Reference numeral 8 denotes a magnet, which is magnetized in the circumferential direction and is attached to the inner peripheral surface of the inner case 7 so that the inner peripheral surface thereof is orthogonal to the magnetic fields generated by the pair of coils 5. The upper case 1u is disposed outside the inner case 7 so as to cover the lower case 1d on the rotary shaft 2 and supports the other end portion of the rotary shaft 2.

Next, the operation will be described. First, when a current, which changes according to a measurement value, is supplied from a control unit (not shown) to the terminals 6 connected to the pair of coils 5 forming the stator, the magnetic fields generated by the coils 5 are combined in the combined magnetic field direction. The magnet 8 as a rotor is rotated. At the same time, the rotating shaft 2 to which the magnet 8 is attached is also rotated via the inner case 7. Therefore, the pointer (not shown) attached to the other end of the rotary shaft 2 can be rotated.

As described above, according to the embodiment of the present invention, the inner peripheral surface of the cylindrical magnet 8 constituting the rotor is provided around the pair of coils 5 wound around the coil bobbin 4 constituting the stator. Since it is arranged so as to be orthogonal to the magnetic field generated by each coil 5, the instrument movement can be made thin. Further, since the magnet 8 is disposed on the outer circumference of the pair of coils 5, it is possible to use a magnet that is large and generates a strong magnetic field. Since the magnet can be made stronger without increasing the number of windings, the instrument movement can be made thin.

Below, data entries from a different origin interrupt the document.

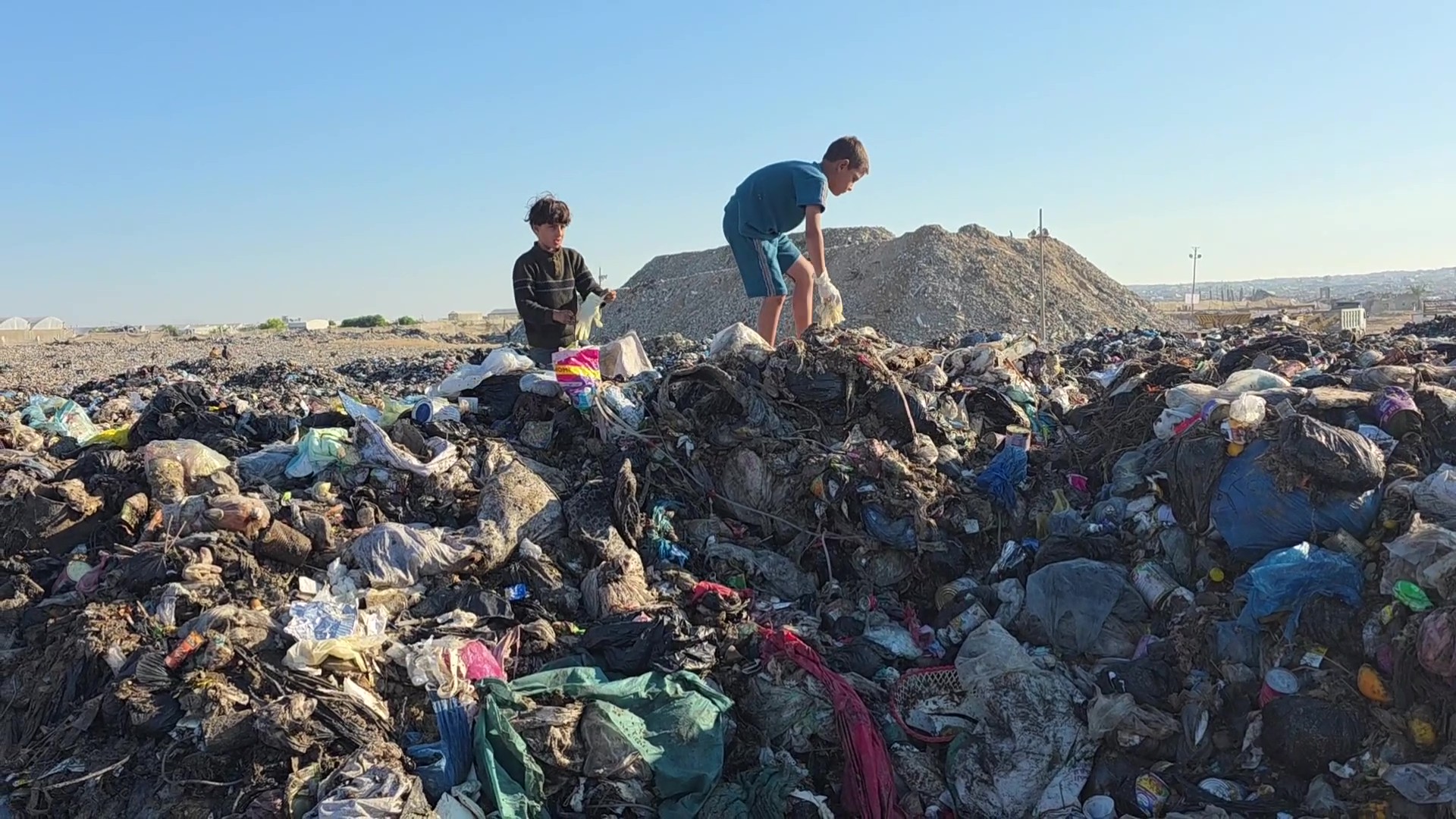 نازحون ينبشون النفايات بحثاً عن البلاستيك في خان يونس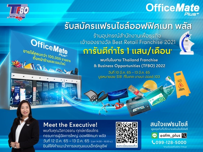 ออฟฟิศเมท พลัส ในเครือเซ็นทรัล รีเทล เจ้าของรางวัลสุดยอดแฟรนไชส์ไทยค้าปลีกยอดเยี่ยมแห่งปี “Best Retail Franchise 2021” เดินหน้าเปิดรับสมัครผู้ประกอบการรุ่นใหม่ไฟแรงจากทุกภูมิภาคทั่วไทยมาร่วมลงทุนและเติบโตไปด้วยกัน เราพร้อมให้คุณเป็นเจ้าของร้านสะดวกซื้ออุปกรณ์สำนักงานเพื่อธุรกิจได้ไวใน 3 เดือน และขายสินค้าจากแบรนด์ชั้นนำได้ครบครันกว่าแสนรายการ สร้างรายได้ทั้งจากหน้าร้านและการขายระบบออนไลน์หลังร้านโดยไม่ต้องห่วงสต็อค #การันตีกำไรขั้นต้น 1 แสนบาท/เดือน* (ตามเงื่อนไขที่บริษัทฯ กำหนด) ร่วมพูดคุยกับ ที่ปรึกษาแฟรนไชส์ออฟฟิศเมท พลัส ที่บูธ S18 ในงาน Thailand Franchise & Business Opportunities 2022 (TFBO) ไบเทค บางนา 10 มี.ค. 65 – 13 มี.ค. 65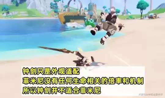 尽管PV中使用了钟剑,但是菲米尼的攻击并没有任何基于敌方生命值的加成,因此除了外观匹配之外,菲米尼并不适合使用钟剑。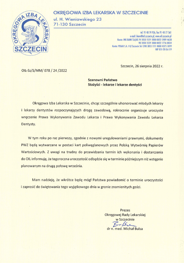 OIL Aktualności Pismo Prezesa ORL w Szczecinie ws. Uroczystego wręczenia PWZ lekarzom i lekarzom dentystom stażystom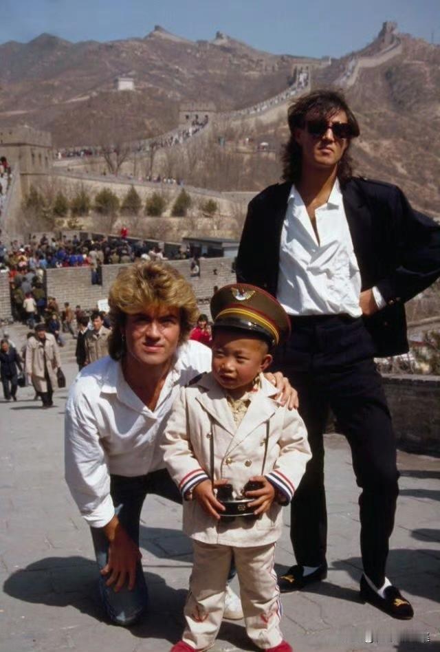 1985年英国威猛乐队(Wham!)访华期间,乔治·迈克尔(George Michael)和安德鲁·里奇利(Andrew Ridgeley)游玩长城期间和戴军帽的小孩合影。这张照片背后,其实有一部非常著名的纪录片在拍摄——由英国导演林赛·安德森(Lindsay Anderson)执导的《威猛在中国》。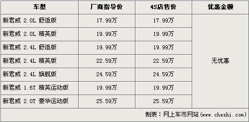 根據(jù)北京別克經(jīng)銷店銷售人員介紹,自別克新君威1.6T上市后,目前別克新君威全系共有7款車在售,售價區(qū)間為17.99萬元-25.59萬元。銷售人員還介紹,店內(nèi)已經(jīng)可以介紹新君威1.6T的預(yù)訂,訂金為1千元,月底首批現(xiàn)車到店。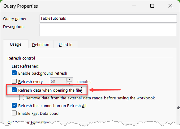 In the Query Properties dialog box, place a checkmark next to “Refresh data when opening the file“.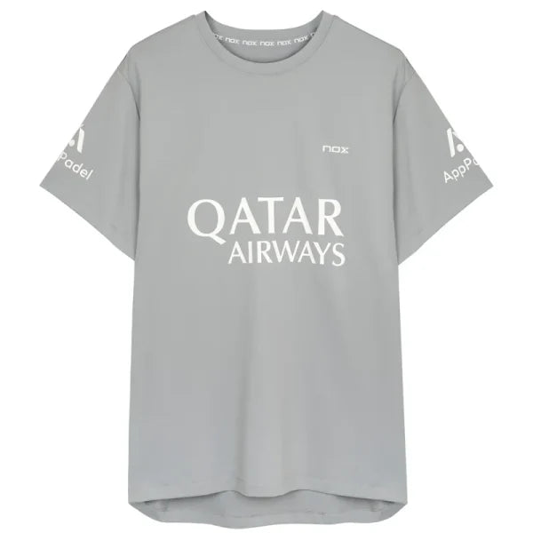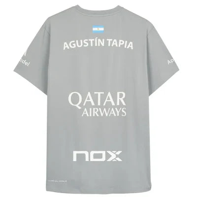 La Camiseta Nox Sponsor AT10 Gris, es la camiseta que el jugador Agustin Tapia ha llevado en la temporada 2024 en sus partidos de premier padel.

In the above embodiment, one end of the rotary shaft 2 is rotatably supported by the lower case 1d, but one end of the rotary shaft 2 may be rotatably supported by the coil bobbin. Although the example using the positioning member 3 has been described, the positioning member 3 can be omitted by directly attaching the inner case 7 to the rotary shaft 2. Furthermore, although the magnet support has been described as an example in which the bottomed cylindrical inner case 7 is used,
It may be simply a flat plate.

[0015]

As described above, according to the present invention, the inner peripheral surface of the cylindrical magnet that constitutes the rotor is generated around each of the plurality of coils wound around the coil bobbin that constitutes the stator. Since it is arranged so as to be orthogonal to the magnetic field, the instrument movement can be made thin. Also,
Even when the driving force is increased, the magnet is arranged on the outer circumference of the coil, so the magnet can be made large and strong without increasing the number of turns of the coil, so the instrument movement can be made thin. be able to.

[Brief description of drawings]

FIG. 1 is a side sectional view showing a configuration of an instrument movement according to an embodiment of the present invention.

FIG. 2 is a plan sectional view corresponding to line AA in FIG.

[Explanation of symbols]

 1 case 1u upper case 1d lower case 2 rotating shaft 3 positioning member 4 coil bobbin 5 coil 6 terminal 7 inner case 8 magnet

Claims (1)

[Claims] 1. A rotating shaft, a coil bobbin arranged around the rotating shaft so as to be orthogonal to the axial direction of the rotating shaft, and magnetic fields generated by the coil bobbins intersect with each other and the axial direction of the rotating shaft. A plurality of coils wound around the coil bobbin so that the magnetic fields are orthogonal to each other; a magnet support attached to the rotating shaft; and an inner peripheral surface of the coil support that is orthogonal to magnetic fields generated by the plurality of coils. A cylindrical magnet attached to the magnet support,
Movement for instruments equipped with.